- [Data shown]
-- Opening Marker --
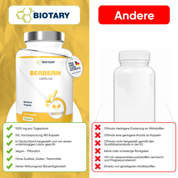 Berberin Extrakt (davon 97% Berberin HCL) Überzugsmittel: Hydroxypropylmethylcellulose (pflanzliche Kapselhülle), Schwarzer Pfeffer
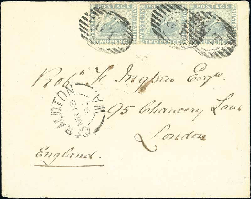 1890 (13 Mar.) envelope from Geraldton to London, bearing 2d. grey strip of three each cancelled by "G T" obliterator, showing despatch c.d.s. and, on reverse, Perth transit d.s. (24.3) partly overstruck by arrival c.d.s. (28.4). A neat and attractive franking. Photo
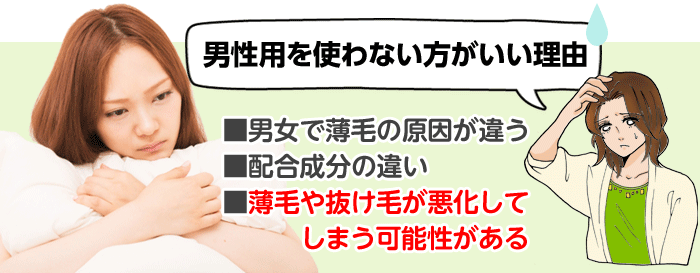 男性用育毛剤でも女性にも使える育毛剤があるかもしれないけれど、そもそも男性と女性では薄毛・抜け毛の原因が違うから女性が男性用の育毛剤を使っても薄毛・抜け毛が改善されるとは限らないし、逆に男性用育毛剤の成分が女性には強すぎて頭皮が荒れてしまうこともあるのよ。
-- Closing Marker --
-- Opening Marker --
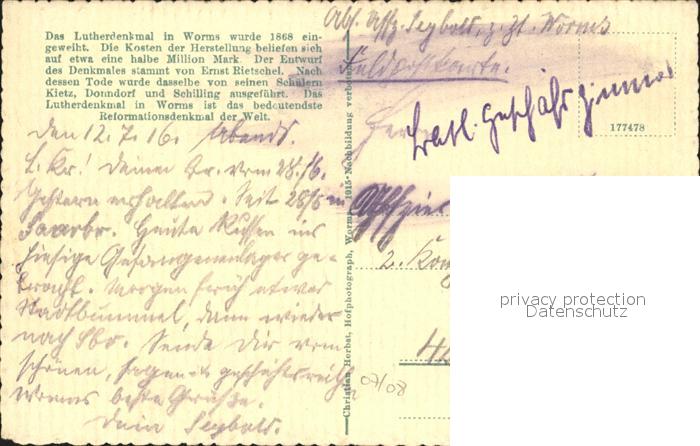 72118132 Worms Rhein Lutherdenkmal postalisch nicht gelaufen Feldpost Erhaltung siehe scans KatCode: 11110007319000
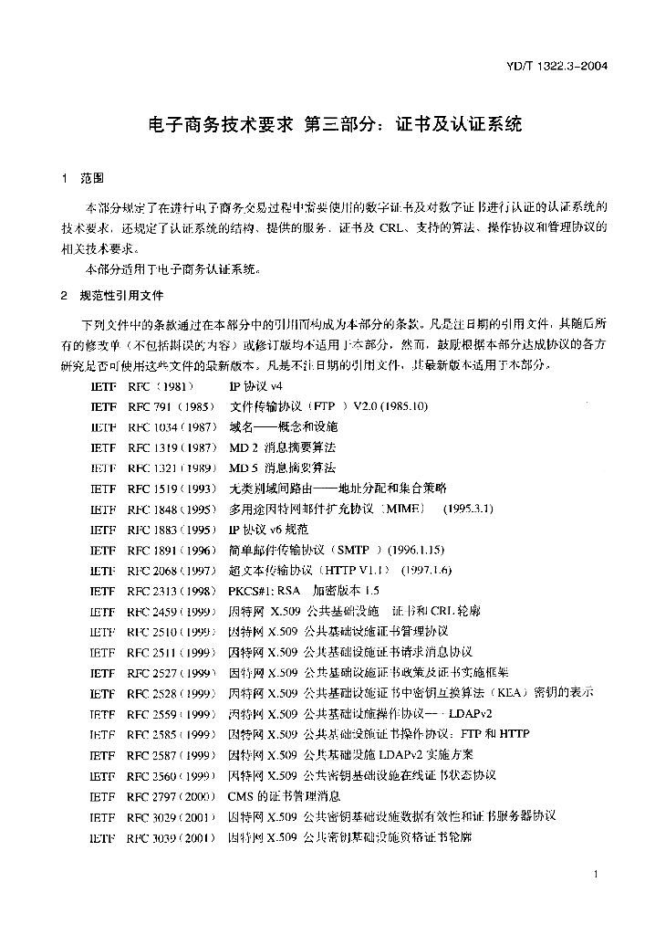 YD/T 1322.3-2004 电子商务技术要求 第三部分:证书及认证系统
-- Closing Marker --
Return word for word the lines of the listing above, starting at the line with "72118132 Worms Rhein" and ending at the line with "YD/T 1322.3-2004 电子商务技术要求 第三部分:证书及认证系统", both included. Pictures do not belong in the copy.

- [Response]
 72118132 Worms Rhein Lutherdenkmal postalisch nicht gelaufen Feldpost Erhaltung siehe scans KatCode: 11110007319000
 YD/T 1322.3-2004 电子商务技术要求 第三部分:证书及认证系统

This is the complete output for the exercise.